### [Assigned task]
Beginning with the line that contains "Всередині перуки кріпиться", retype the entries below exactly, ending with the line that contains "現(xiàn)在,數(shù". Leave out any pictures.

### [Record excerpts]
################

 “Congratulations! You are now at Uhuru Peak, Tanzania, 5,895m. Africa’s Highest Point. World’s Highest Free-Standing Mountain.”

################

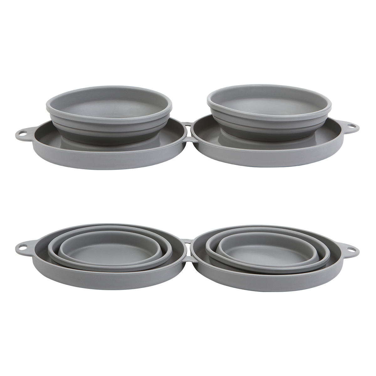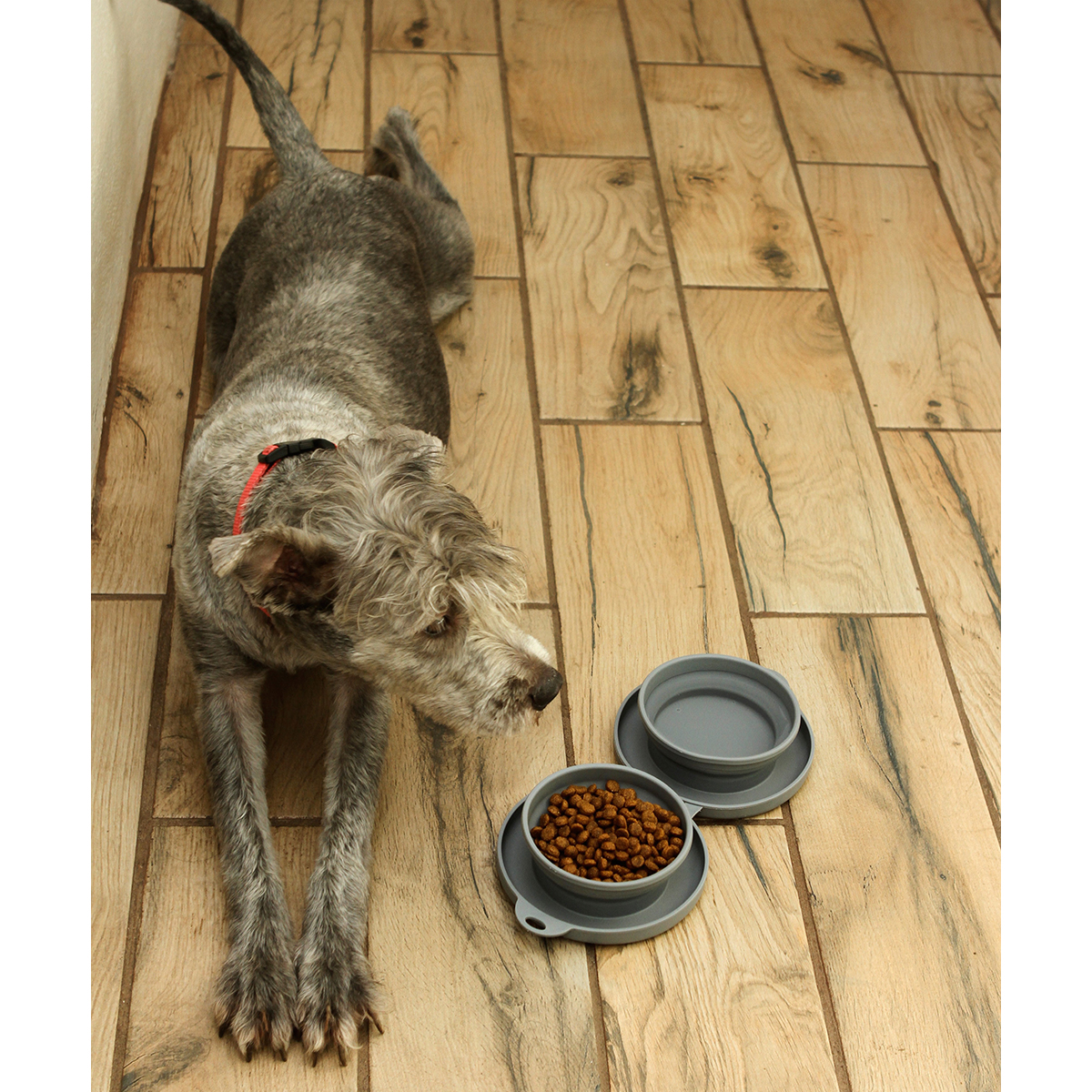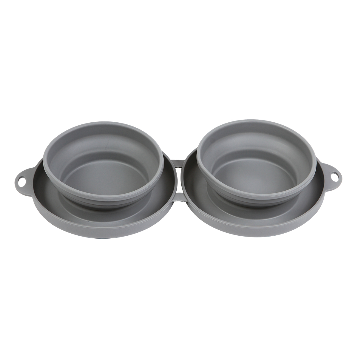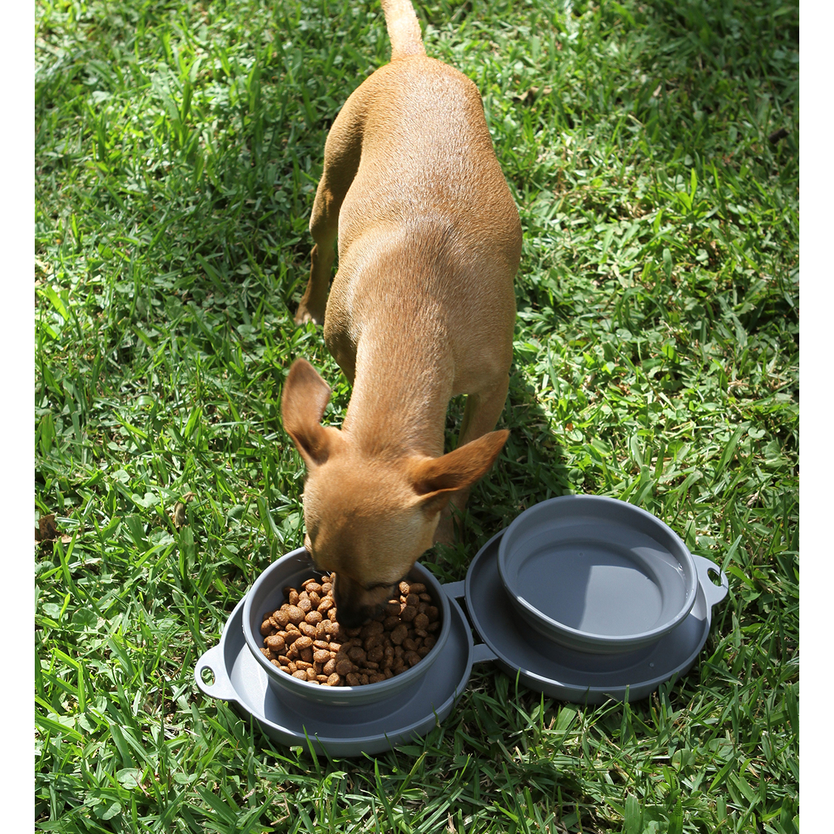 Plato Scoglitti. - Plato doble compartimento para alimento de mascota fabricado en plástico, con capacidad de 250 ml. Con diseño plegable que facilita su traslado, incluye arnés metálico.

################

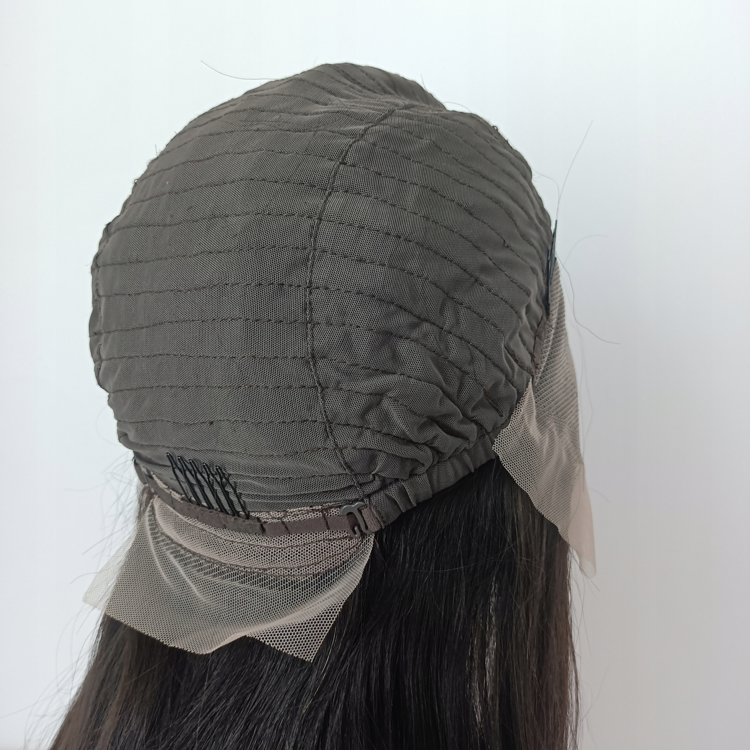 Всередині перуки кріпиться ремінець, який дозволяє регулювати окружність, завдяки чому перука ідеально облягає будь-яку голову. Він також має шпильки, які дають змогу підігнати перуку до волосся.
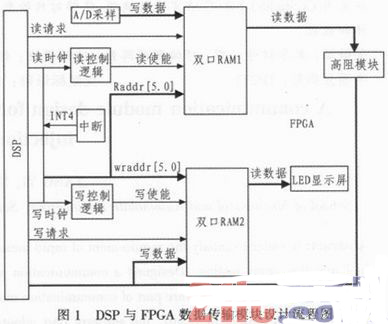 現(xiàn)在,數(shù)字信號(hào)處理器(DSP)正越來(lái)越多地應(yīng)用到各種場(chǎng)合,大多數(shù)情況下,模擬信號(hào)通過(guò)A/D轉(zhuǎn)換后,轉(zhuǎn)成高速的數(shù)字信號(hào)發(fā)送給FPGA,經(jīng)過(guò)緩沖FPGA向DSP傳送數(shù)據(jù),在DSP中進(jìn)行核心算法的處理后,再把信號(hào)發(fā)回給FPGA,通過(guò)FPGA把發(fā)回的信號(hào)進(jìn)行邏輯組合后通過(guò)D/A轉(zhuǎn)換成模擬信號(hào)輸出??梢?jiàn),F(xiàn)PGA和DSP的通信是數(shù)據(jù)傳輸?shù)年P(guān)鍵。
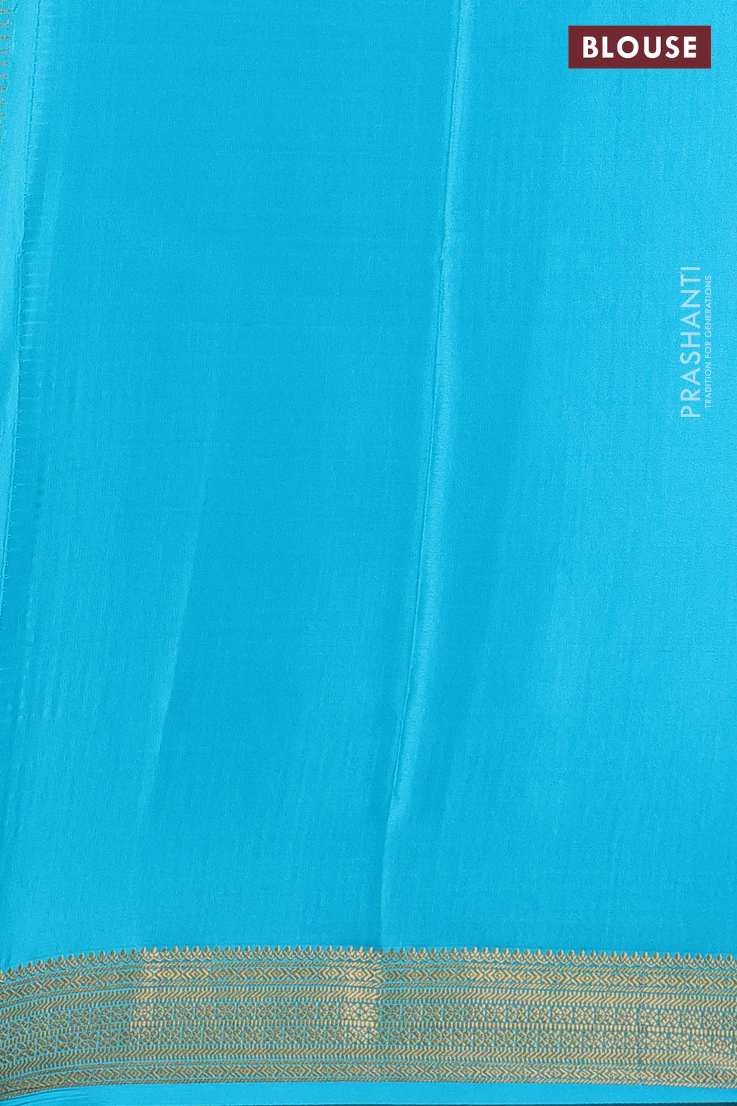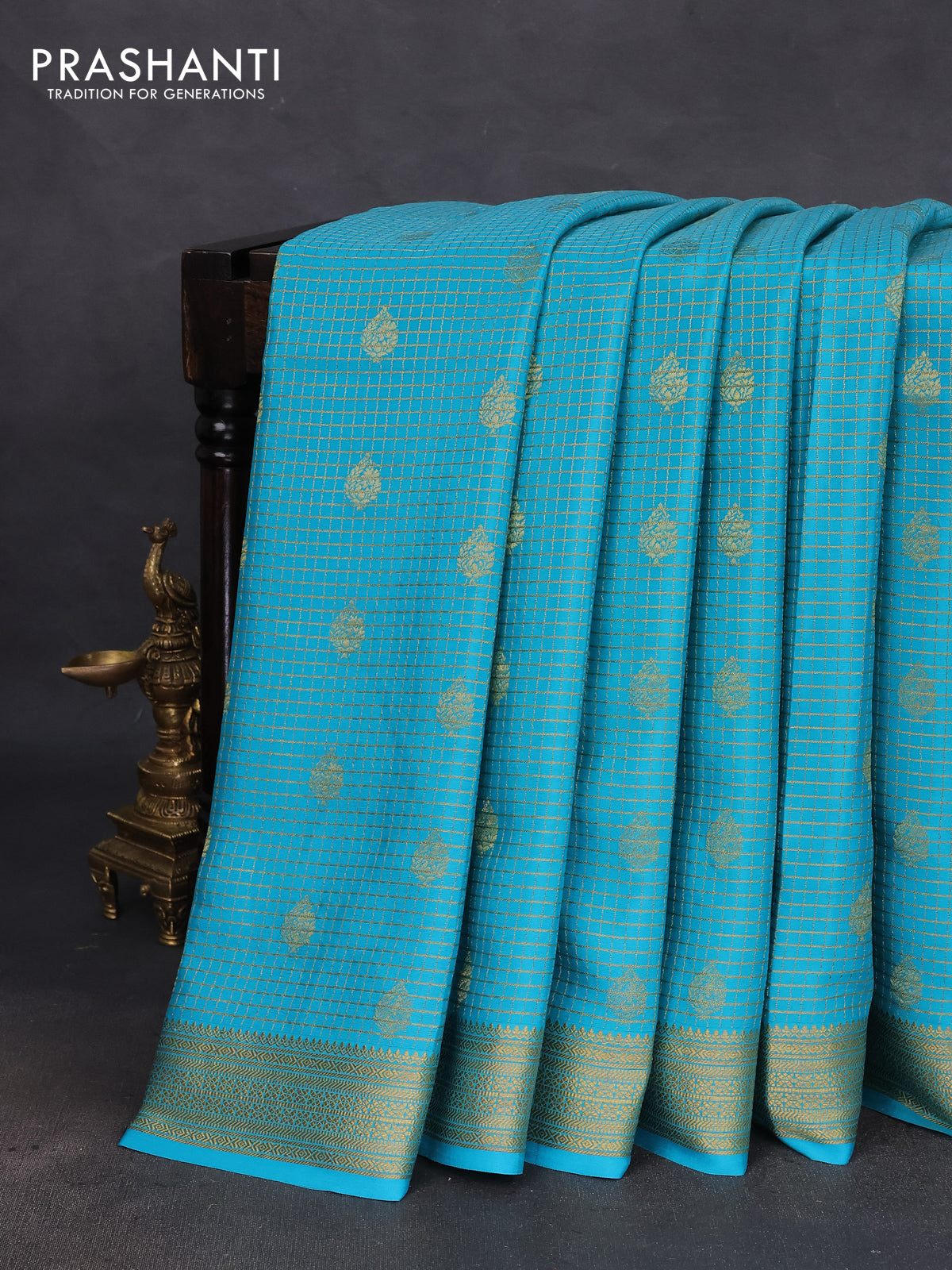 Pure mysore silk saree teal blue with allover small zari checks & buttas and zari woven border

################

### [Response for this exercise]
 Всередині перуки кріпиться ремінець, який дозволяє регулювати окружність, завдяки чому перука ідеально облягає будь-яку голову. Він також має шпильки, які дають змогу підігнати перуку до волосся.
 現(xiàn)在,數(shù)字信號(hào)處理器(DSP)正越來(lái)越多地應(yīng)用到各種場(chǎng)合,大多數(shù)情況下,模擬信號(hào)通過(guò)A/D轉(zhuǎn)換后,轉(zhuǎn)成高速的數(shù)字信號(hào)發(fā)送給FPGA,經(jīng)過(guò)緩沖FPGA向DSP傳送數(shù)據(jù),在DSP中進(jìn)行核心算法的處理后,再把信號(hào)發(fā)回給FPGA,通過(guò)FPGA把發(fā)回的信號(hào)進(jìn)行邏輯組合后通過(guò)D/A轉(zhuǎn)換成模擬信號(hào)輸出??梢?jiàn),F(xiàn)PGA和DSP的通信是數(shù)據(jù)傳輸?shù)年P(guān)鍵。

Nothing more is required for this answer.